208
votes

What must I do to use my objects of a custom type as keys in a Python dictionary (where I don't want the "object id" to act as the key) , e.g.

class MyThing:
    def __init__(self,name,location,length):
            self.name = name
            self.location = location
            self.length = length

I'd want to use MyThing's as keys that are considered the same if name and location are the same. From C#/Java I'm used to having to override and provide an equals and hashcode method, and promise not to mutate anything the hashcode depends on.

What must I do in Python to accomplish this ? Should I even ?

(In a simple case, like here, perhaps it'd be better to just place a (name,location) tuple as key - but consider I'd want the key to be an object)

3
What's wrong with using the hash?Rafe Kettler
Probably because he wants two MyThing, if they have the same name and location, to index the dictionary to return the same value, even if they were created separately as two different "objects".Santa
"perhaps it'd be better to just place a (name,location) tuple as key - but consider I'd want the key to be an object)" You mean: a NON-COMPOSITE object ?eyquem

3 Answers

251
votes

You need to add 2 methods, note __hash__ and __eq__:

class MyThing:
    def __init__(self,name,location,length):
        self.name = name
        self.location = location
        self.length = length

    def __hash__(self):
        return hash((self.name, self.location))

    def __eq__(self, other):
        return (self.name, self.location) == (other.name, other.location)

    def __ne__(self, other):
        # Not strictly necessary, but to avoid having both x==y and x!=y
        # True at the same time
        return not(self == other)

The Python dict documentation defines these requirements on key objects, i.e. they must be hashable.

35
votes

An alternative in Python 2.6 or above is to use collections.namedtuple() -- it saves you writing any special methods:

from collections import namedtuple
MyThingBase = namedtuple("MyThingBase", ["name", "location"])
class MyThing(MyThingBase):
    def __new__(cls, name, location, length):
        obj = MyThingBase.__new__(cls, name, location)
        obj.length = length
        return obj

a = MyThing("a", "here", 10)
b = MyThing("a", "here", 20)
c = MyThing("c", "there", 10)
a == b
# True
hash(a) == hash(b)
# True
a == c
# False
20
votes

You override __hash__ if you want special hash-semantics, and __cmp__ or __eq__ in order to make your class usable as a key. Objects who compare equal need to have the same hash value.

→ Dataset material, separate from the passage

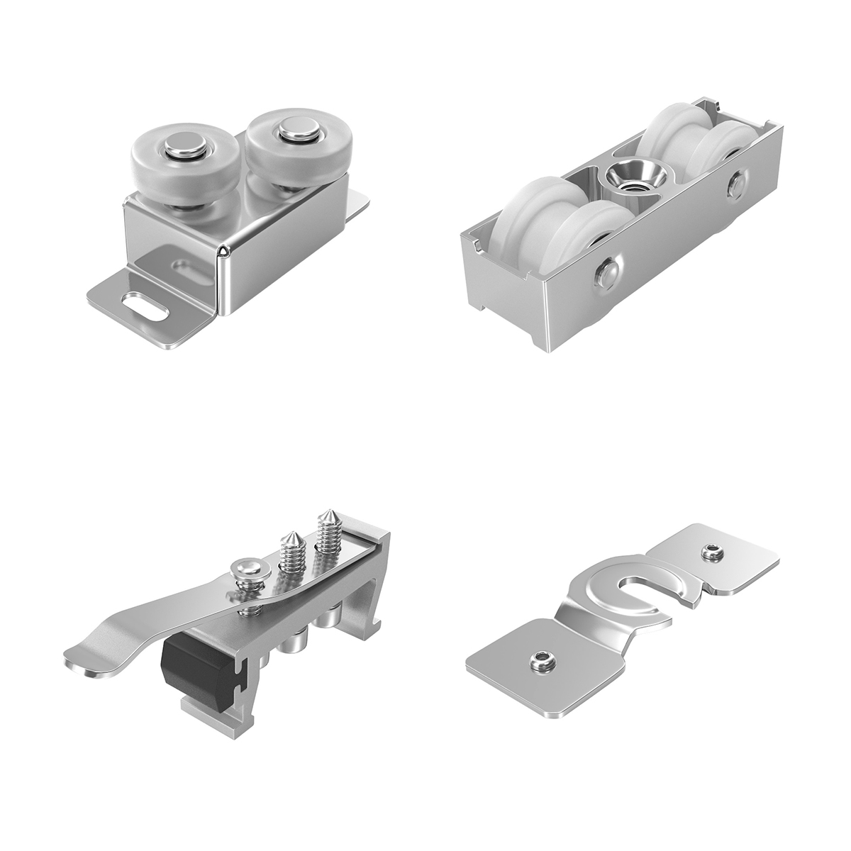 1. Верний двухосный ролик - 2 шт. Ролик со звукозащитными прокладками для плавного скольжения раздвижной двери в подвесной системе. Толщина стальных стенок — 2,2 мм, колеса из стойкого на стирание и деформации РОМ-термопласта. Ролики состоят из корпуса с колесами, крепежной оси и монтажной площадки. У верхних роликов практически бесшумный, легкий ход: в крепежное отверстие интегрирована полимерная звукопоглощающая прокладка.

Python expects __hash__ to return an integer, returning Banana() is not recommended :)

User defined classes have __hash__ by default that calls id(self), as you noted.

There is some extra tips from the documentation.:

Classes which inherit a __hash__() method from a parent class but change the meaning of __cmp__() or __eq__() such that the hash value returned is no longer appropriate (e.g. by switching to a value-based concept of equality instead of the default identity based equality) can explicitly flag themselves as being unhashable by setting __hash__ = None in the class definition. Doing so means that not only will instances of the class raise an appropriate TypeError when a program attempts to retrieve their hash value, but they will also be correctly identified as unhashable when checking isinstance(obj, collections.Hashable) (unlike classes which define their own __hash__() to explicitly raise TypeError).